Computational temporal ghost imaging
Fabrice Devaux, Paul-Antoine Moreau, Severine Denis, Eric Lantz

TL;DR
This paper introduces a simple computational ghost imaging device capable of reconstructing a single non-reproducible temporal signal in a single shot using spatial intensity correlations and a CMOS camera, enabling monochrome or wavelength-multiplexed signals.
Contribution
The authors present a novel, single-shot ghost imaging method for temporal signals that does not require multiple copies or repetitions of the object, simplifying previous approaches.
Findings
Successful reconstruction of single temporal signals in one shot.
Ability to perform wavelength multiplexing with color images.
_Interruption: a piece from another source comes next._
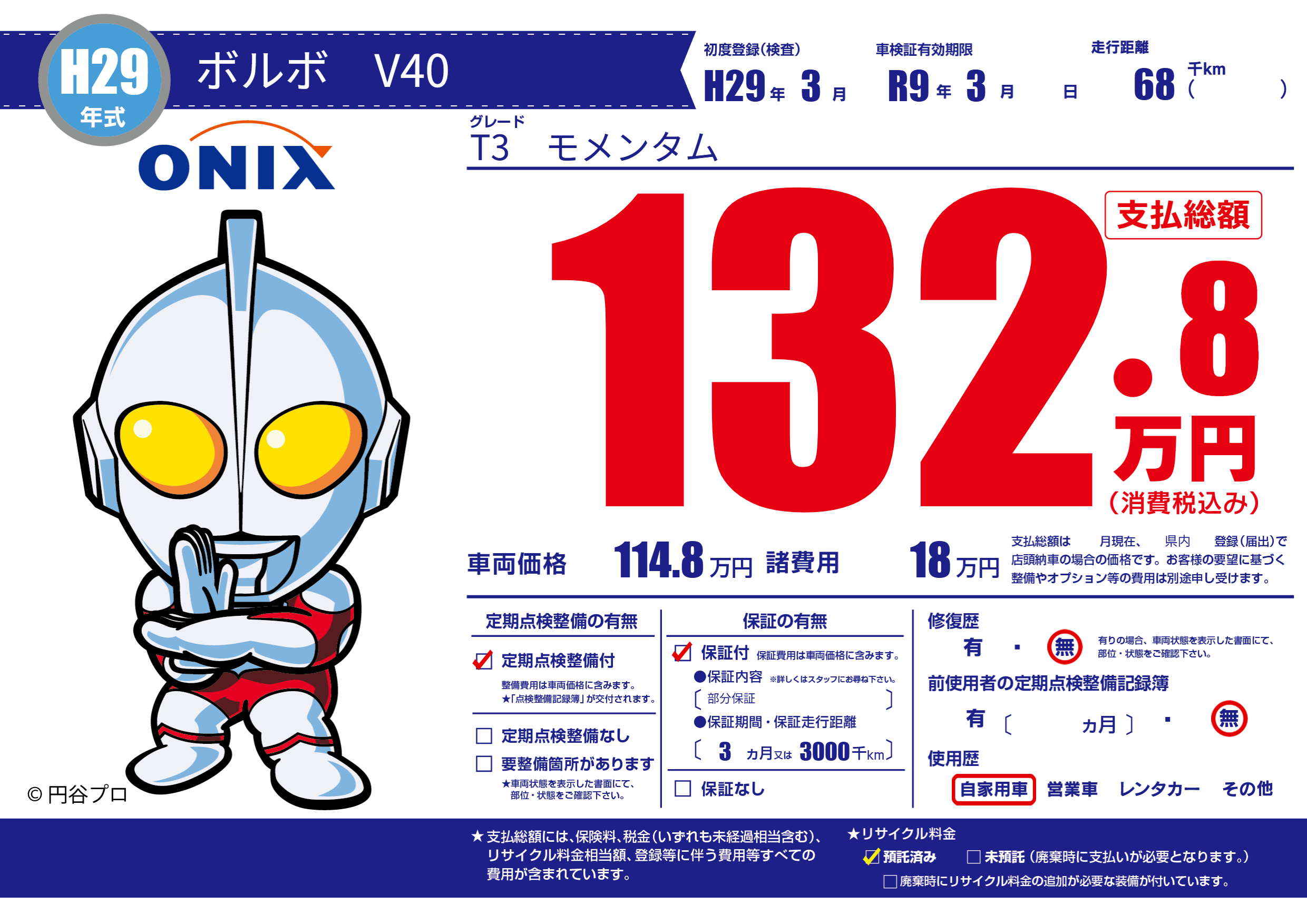 | 車名 | ボルボ V40 | グレード ミッション 排気量 |

Device operates without temporal resolution on the camera.
Abstract
Ghost imaging is a fascinating process, where light interacting with an object is recorded without resolution, but the shape of the object is nevertheless retrieved, thanks to quantum or classical correlations of this interacting light with either a computed or detected random signal. Recently, ghost imaging has been extended to a time object, by using several thousands copies of this periodic object. Here, we present a very simple device, inspired by computational ghost imaging, that allows the retrieval of a single non-reproducible, periodic or non-periodic, temporal signal. The reconstruction is performed by a single shot, spatially multiplexed, measurement of the spatial intensity correlations between computer-generated random images and the images, modulated by a temporal signal, recorded and summed on a chip CMOS camera used with no temporal resolution. Our device allows the…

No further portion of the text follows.